4.3.1.1. Proposition d’étude observationnelle

Les troubles de la santé mentale pendant la grossesse sont relativement fréquents, ils sont peu diagnostiqués et ont potentiellement des effets délétères à court, moyen et long terme pour les familles. En France actuellement, il n’y a pas de consensus sur les méthodes ou le moment privilégié pour dépister ces troubles. Dans les suites de ce travail, nous proposons une étude visant à évaluer la faisabilité et l’intérêt d’un dépistage précoce d’un mal-être psychologique au cours de la grossesse.

Type d’étude et population

Il s’agirait d’une étude descriptive ayant pour objectif d’analyser la faisabilité et l’intérêt du dépistage d’un mal-être psychologique auprès des femmes enceintes.
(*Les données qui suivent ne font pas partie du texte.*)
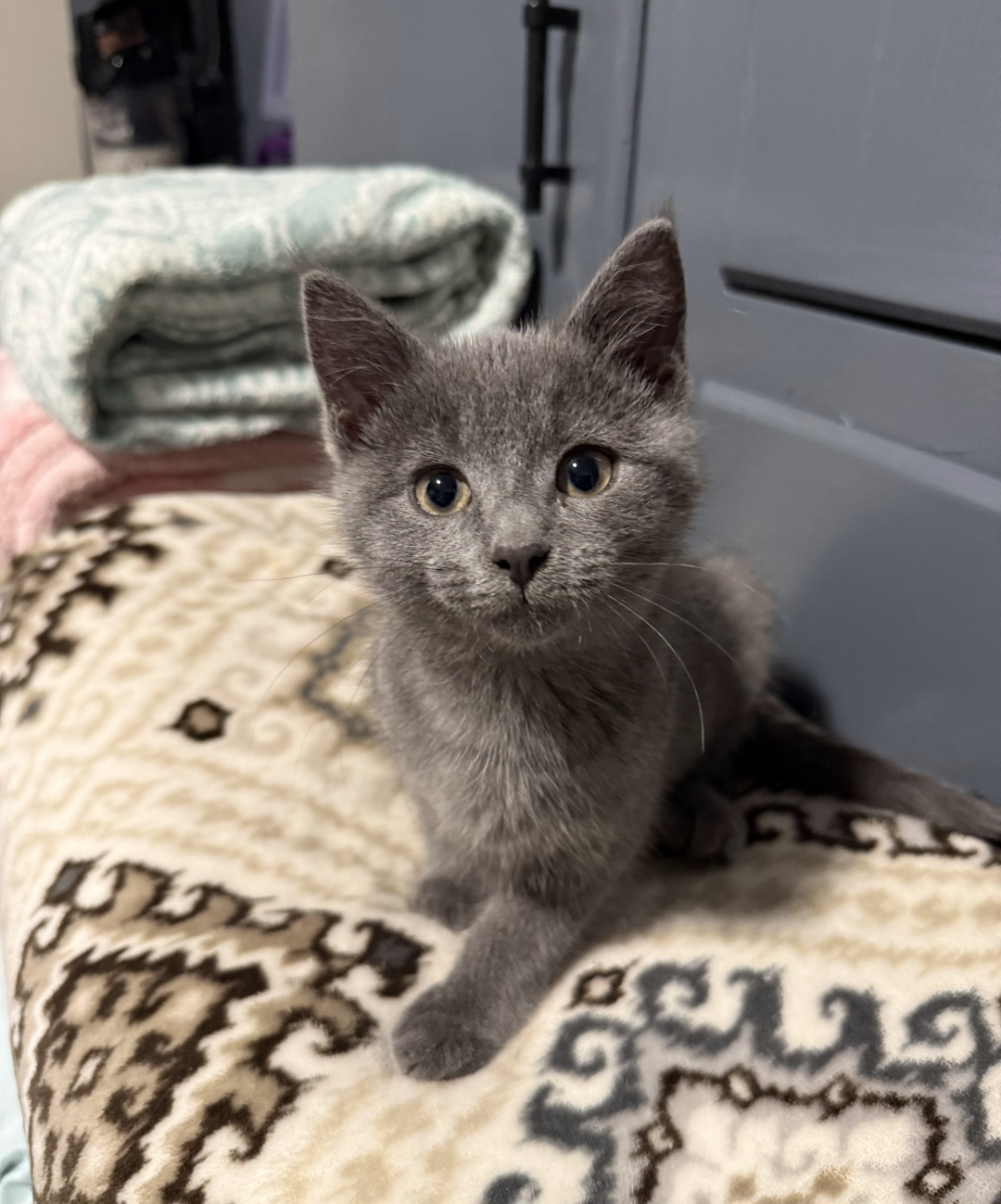 My name is Ortega and I am the friendliest little grey girl you could ever meet! I am a lap kitty who loves to be held and petted! I purr as soon as you touch me!
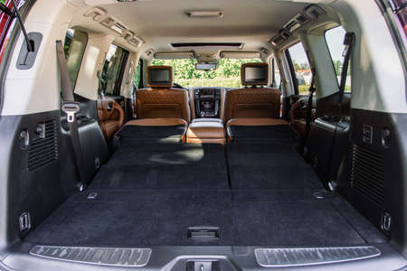 Huge, clean and empty car trunk in interior of compact suv. Rear view of a SUV car with open trunk
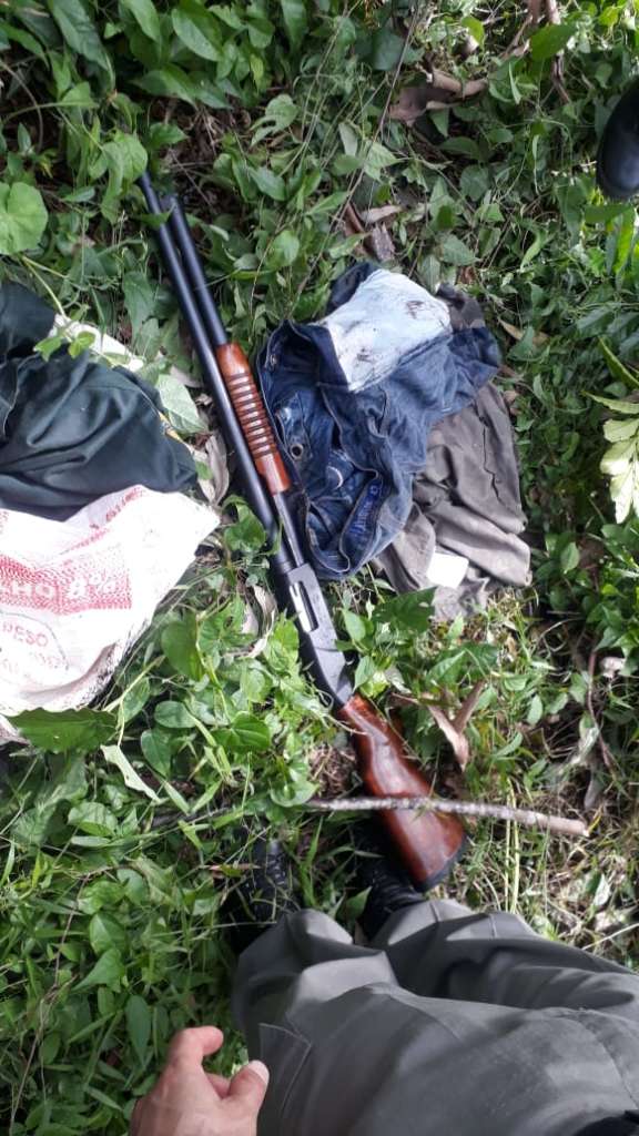 A Brigada Militar também localizou o esconderijo que os assaltantes presos usavam no interior do município. No local foram encontrados celulares, cobertores, boné e dois celulares.
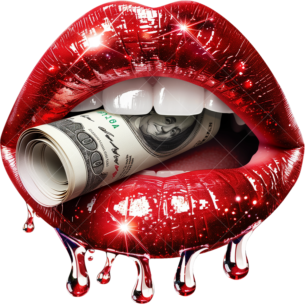 Термонаклейка с изображением женских губ с деньгами - стильный акцент для одежды. Легко наносится, устойчив к стирке, долго сохраняет насыщенность цветов, подходит для различных материалов.

La population d’étude serait des femmes enceintes recrutées auprès de patientèles de gynécologues-obstétriciens ou de médecins généralistes en cabinet de ville. Ces professionnels de santé seraient choisis car ils déclarent près de 65% des grossesses, notamment auprès de populations socialement défavorisées (chapitre 4.3.1). Les critères d’inclusion seraient toutes les femmes de 16 à 45 ans parlant français, ayant une grossesse unique, recrutées entre la 5ème et la fin de la 14ème semaine d’aménorrhée (la fin du premier trimestre de grossesse). Les critères d’exclusion seraient une dépression ou une anxiété actuelle en cours de traitement (psychothérapie ou traitement médicamenteux) ou un déménagement hors de la région prévu dans les 6 mois à venir.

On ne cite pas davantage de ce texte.